Sure some sort of periodisation (resistance training cycle in this case) is good. However, normally a hypertrophy routine finishes with more reps less weight. A typical growth routine for a bodybuilder looks like - strength (4x5/6 sets x reps), power (4x2-4), hypertrophy (4x8-12). Often bodybuilders skip the power section for fear of injury. In your case though I'd do a few weeks circuit training/weights first and morph this into sets of 8. After 3/4 weeks increase the weight and drop the sets so you're at the (start) strength phase of the cycle. I forget how much time you said you had but what I've described will take 4 months.

How much lean mass will you put on? There's no set formula as growth depends on a number of variables - intensity, technique, recovery, diet and your age. All that depends on you getting a good teacher, but you could put on up to a stone of lean mass in 3-4 months.

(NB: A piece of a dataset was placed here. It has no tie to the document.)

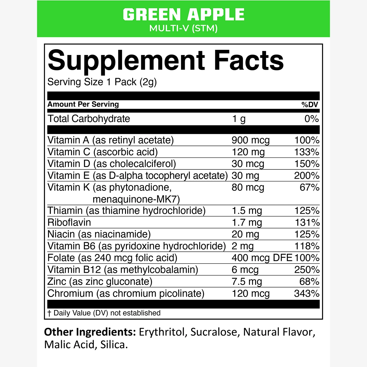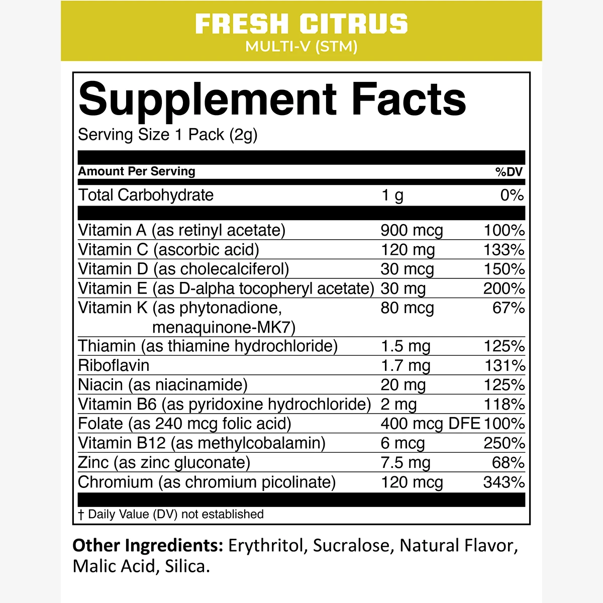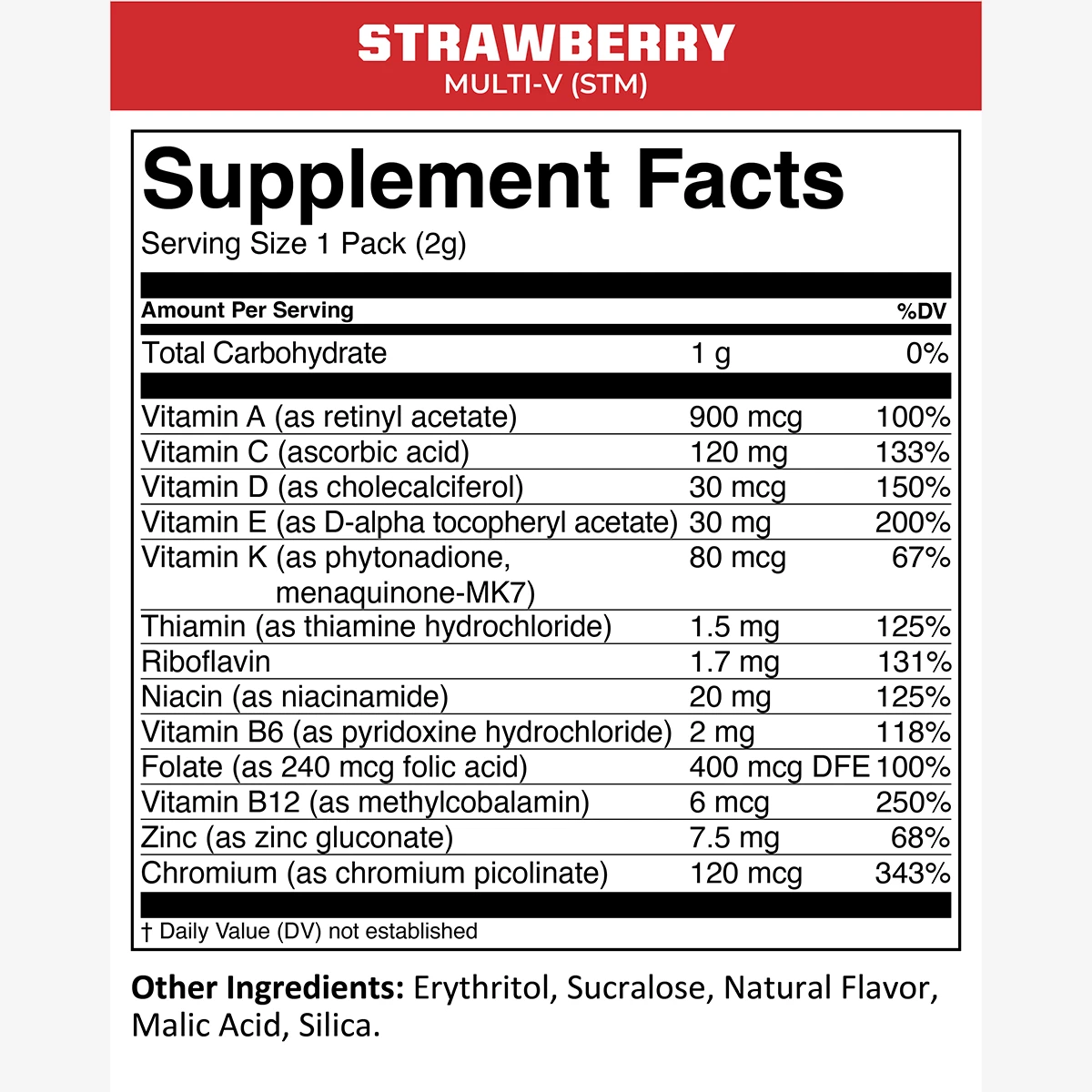 Straight-to-mouth (STM) Quick Sticks MULTI-V is a daily multivitamin with all the essential nutrients, vitamins, and minerals you need to maintain a healthy and energetic lifestyle. Improve your overall health and prepare for your next outdoor adventure with the convenience of our STM Quick Sticks.
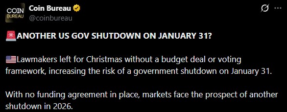 近期数据显示,加密货币市场表现不佳,且对新形势高度敏感。然而,一些投资者将加密货币视为应对财政失灵的避险工具,尤其是在经济停摆与市场预期宽松货币政策同时出现的情况下。

Like the way you work the stats btw, smile

otolith

Original Poster:

55,899 posts

203 months

Friday 24th June 2016
quotequote all
Thank you, that's very interesting. I should say, she isn't a bodybuilder but her partner is, and reviews her plans.

She said the objectives for the first four weeks were technique, endurance and fat loss. I was hoping that with the resistance training and high protein intake I could minimise muscle loss during this phase, but it appears to be doing better than that with some growth, albeit perhaps not at a sustainable level.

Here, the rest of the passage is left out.